Segment Open

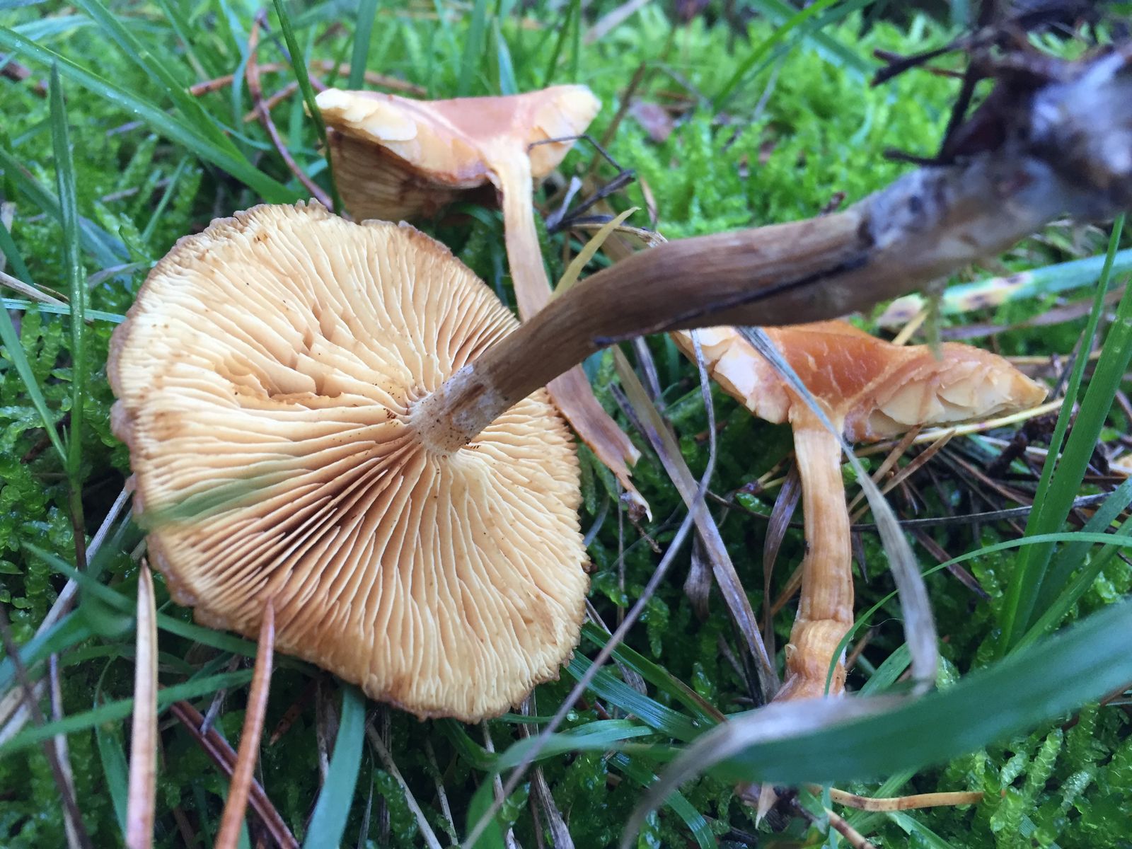 Wobei das Holz auch irgendwo im Boden, unterm Moos, eingebaut sein kann, als kleine, überwucherte Ästchen oder so. Dann findet man die Fruchtkörper auch scheinbar im Moos bzw. auf dem Boden wachsend. Ist aber immer Holz drunter. Dieses weißliche Velum am Stiel / Stielspitze kann Tricholoma fulvum nicht bilden. Bei dem umgedrehten Fruchtkörper auf dem ersten Bild rechts / mittig sieht es sogar so aus, als wäre diese Velumzone zudem noch bräunlich bepudert. Sollte das Sporenpulver sein, wäre jedwede Tricholoma hier ohnehin auszuschließen.
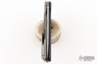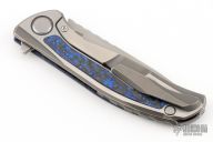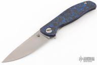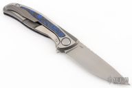 This Hati Gen3 by Shirogorov Knives features a drop point blade with notched thumbrest and flipper. The handle has Blue Techno Carbo and titanium frame with Blue Techno Carbo inlay, titanium tip up clip with hidden screws, titanium backspacer with lanyard hole. Rides on bearings, nice detent, lockup and blade seating. Comes with COA and original box. Has some scuffs and scratches on the frame and clip. Great condition otherwise.
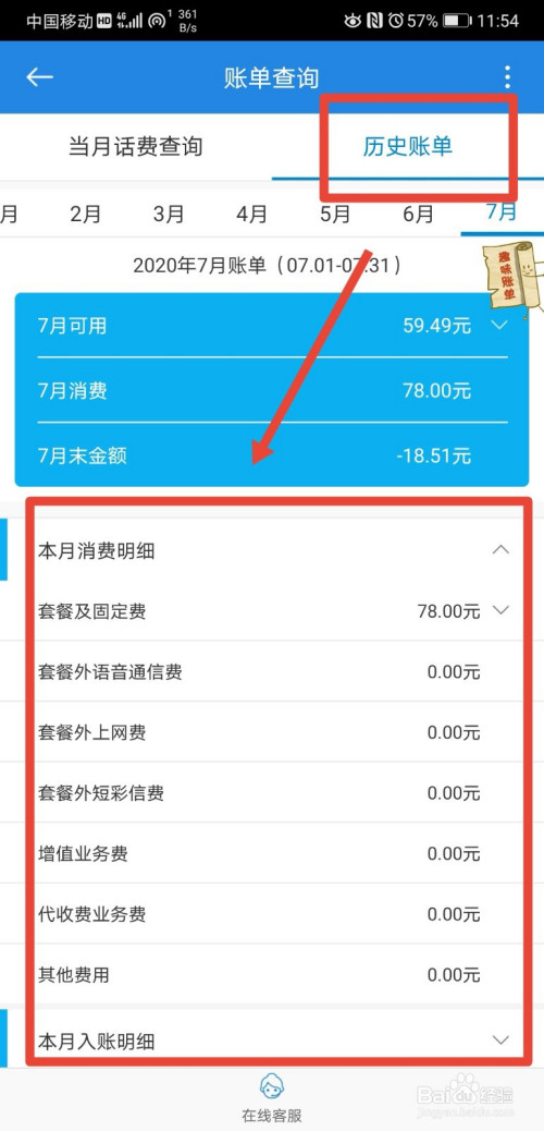接下来在汗青账单页面,可以看到其他月份账单明细,详情如下。

Segment Closed

## Task requirements:
Retype the whole listing exactly. Do not include the pictures.

## Your response:
 Wobei das Holz auch irgendwo im Boden, unterm Moos, eingebaut sein kann, als kleine, überwucherte Ästchen oder so. Dann findet man die Fruchtkörper auch scheinbar im Moos bzw. auf dem Boden wachsend. Ist aber immer Holz drunter. Dieses weißliche Velum am Stiel / Stielspitze kann Tricholoma fulvum nicht bilden. Bei dem umgedrehten Fruchtkörper auf dem ersten Bild rechts / mittig sieht es sogar so aus, als wäre diese Velumzone zudem noch bräunlich bepudert. Sollte das Sporenpulver sein, wäre jedwede Tricholoma hier ohnehin auszuschließen.
 This Hati Gen3 by Shirogorov Knives features a drop point blade with notched thumbrest and flipper. The handle has Blue Techno Carbo and titanium frame with Blue Techno Carbo inlay, titanium tip up clip with hidden screws, titanium backspacer with lanyard hole. Rides on bearings, nice detent, lockup and blade seating. Comes with COA and original box. Has some scuffs and scratches on the frame and clip. Great condition otherwise.
接下来在汗青账单页面,可以看到其他月份账单明细,详情如下。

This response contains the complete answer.